Enhanced Symfony2 Autoloader

Ever wondered how to enhance the Symfony2 Autoloader?...

There comes a time when for some reason you will want to or have to modify a class or more from a 3rd party bundle. Sadly, some 3rd party bundles are outdated, discontinued or very rigid, and so you're rendered unable to do this via a configuration option. This makes it so that you will either have to create a new fork of that 3rd party library and maintain it yourself or modify or create a bunch of classes. There are cases when you don't want to do any of this and want to keep the work needed to achieve this a minimum.

If you don't mind getting your hands dirty, the following bit will show you how to achieve your goal, although is quite hackish and should only be relied upon when you're not able to go the standard way of doing things.

The component of the system that can help you achieve this is the autoloader.

The autoloader is an instance of Composer\Autoload\ClassLoader and can be accessed before the system boots from the app/autoload.php in the standard Symfony2 installation.

There are a bunch of methods on the objects $loader that is created inside the app/autoload.php file, that you can use to achieve this:

  • addClassMap(array $classMap)
  • add($prefix, $paths, $prepend = false)
  • addPsr4($prefix, $paths, $prepend = false)
  • set($prefix, $paths)
  • setPsr4($prefix, $paths)

The addClassMap method takes an array as parrameter where the class is the the key and the path is the value. E.g. :

$loader->addClassMap(array(
    'Doctrine\\ORM\\Tools\\Pagination\\Paginator' => __DIR__ . '/../src/SomeVendor/SomeBundle/Pagination/Tools/Paginator.php',
));

The namespace of the new class will stay the same as the namespace of the new class, even though the path is totally now different. This is because in the standard approach the namespace is used to determine the path and the autoloader will try to guess is based on the autoloading config of each bundle (specified in each bundles composer.json) and the PSR autoloading standard.

The only real difference between the add and addPsr4 and between set and setPsr4 is that the $prefix parameters has to end with a backslash (/) when using the PSR4 methods. Other than that everything is the same. So if you'd do something like this for a PSR0 method:

$loader->set('SomeVendor\SomeBundle', $paths);

The PSR4 equivalent would be:

$loader->setPsr4('SomeVendor\SomeBundle\\', $paths);

The add and addPsr4 methods can be used to append or prepend paths for a given namespace while the set and setPsr4 methods will replace the mapping if any exists already. For all four of these methods the $paths parameter can either be a string or an array of strings.

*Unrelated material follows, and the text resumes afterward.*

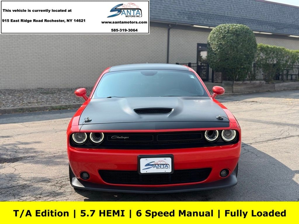 4-Wheel Disc Brakes, 4G LTE Wi-Fi Hot Spot, 6 Speakers, 8.4" Touchscreen Display, ABS brakes, Air Conditioning, Alloy wheels, AM/FM radio, Anti-whiplash front head restraints, Apple CarPlay, Apple CarPlay/Android Auto, Auto-dimming Rear-View mirror, Automatic temperature control, Blind Spot & Cross Path Detection, Brake assist, Bumpers: body-color, Challenger Script Grille Badge, Compass, Delay-off headlights, Door Trim Panel w/Ambient Lighting, Driver Convenience Group, Driver door bin, Driver vanity mirror, Dual front impact airbags, Dual front side impact airbags, Electronic Stability Control, For Details, Visit DriveUconnect.com, Four wheel independent suspension, Front anti-roll bar, Front Bucket Seats, Front Center Armrest, Front dual zone A/C, Front fog lights, Front reading lights, Fully automatic headlights, Garage door transmitter, Google Android Auto, GPS Antenna Input, HD Radio, Heated door mirrors, High-Intensity Discharge Headlamps, Houndstooth Cloth Performance Seats, Illuminated entry, Integrated Voice Command w/Bluetooth, Leather Shift Knob, Low tire pressure warning, Media Hub (2 USB, AUX), MOPAR Black Hood Pin Kit, Outside temperature display, Overhead airbag, Overhead console, Panic alarm, ParkView Rear Back-Up Camera, Passenger door bin, Passenger vanity mirror, Plus Package, Power door mirrors, Power driver seat, Power Multi-Function Foldaway Mirrors, Power steering, Power windows, Quick Order Package 22H R/T, Radio data system, Radio: Uconnect 4 w/7" Display, Radio: Uconnect 4C w/8.4" Display, Rear anti-roll bar, Rear reading lights, Rear seat center armrest, Rear window defroster, Remote keyless entry, Rhombi 2-Pc Wheel Center Cap, Rhombi Illum Air Catcher Headlamp, Satin Wrap Roof/Decklid, Security system, SiriusXM Satellite Radio, Speed control, Speed-sensing steering, Split folding rear seat, Spoiler, Sport steering wheel, Steering wheel mounted audio controls, T/A Bodyside Stripe Delete, T/A Package, Tachometer, Telescoping steering wheel, Tilt steering wheel, Traction control, Trip computer, USB Host Flip, Variably intermittent wipers, Wheels: 20" x 8.0" Granite Crystal Aluminum, Wheels: 20" x 9.0" Forged/Painted Aluminum. Go Mango 2019 Dodge Challenger R/T RWD Tremec 6-Speed Manual HEMI 5.7L V8 VVT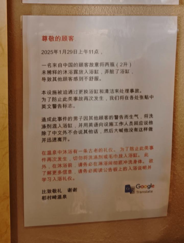近日,日本神奈川县镰仓市一知名温泉场所“稻村崎温泉”贴出公告称,一名中国男性旅客不满被纠正入浴礼仪,竟将2升未稀释的沐浴乳倒入浴池,导致其他使用者不适,也让温泉被迫暂时关闭。

The namespace will stay the same if you're using these methods, but, there's a catch here and is very important: the directory path must exist inside these new locations because the autoloader will try to find the file based on the namespace and class inside these new paths.

For example:

If you wanted to remap the SomeVendor\SomeBundle\Directory\SomeClass which is located in vendor/somevendor/src/SomeVendor/SomeBundle/Directory/SomeClass.php you'd have to create a new file src/MyVendor/MyBundle/Remapped/SomeVendor/SomeBundle/Directory/SomeClass.php and add this to your autoloader:

$loader->set('SomeVendor\SomeBundle', array(
    'src/MyVendor/MyBundle/Remapped',
    'vendor/somevendor/src/SomeVendor/SomeBundle' // this will be the fallback directory to search in, in case the $newDirectory doens't have the file
));

Again, this is non standard and should only be used as a last resort. But, now you know how to do it if you have too.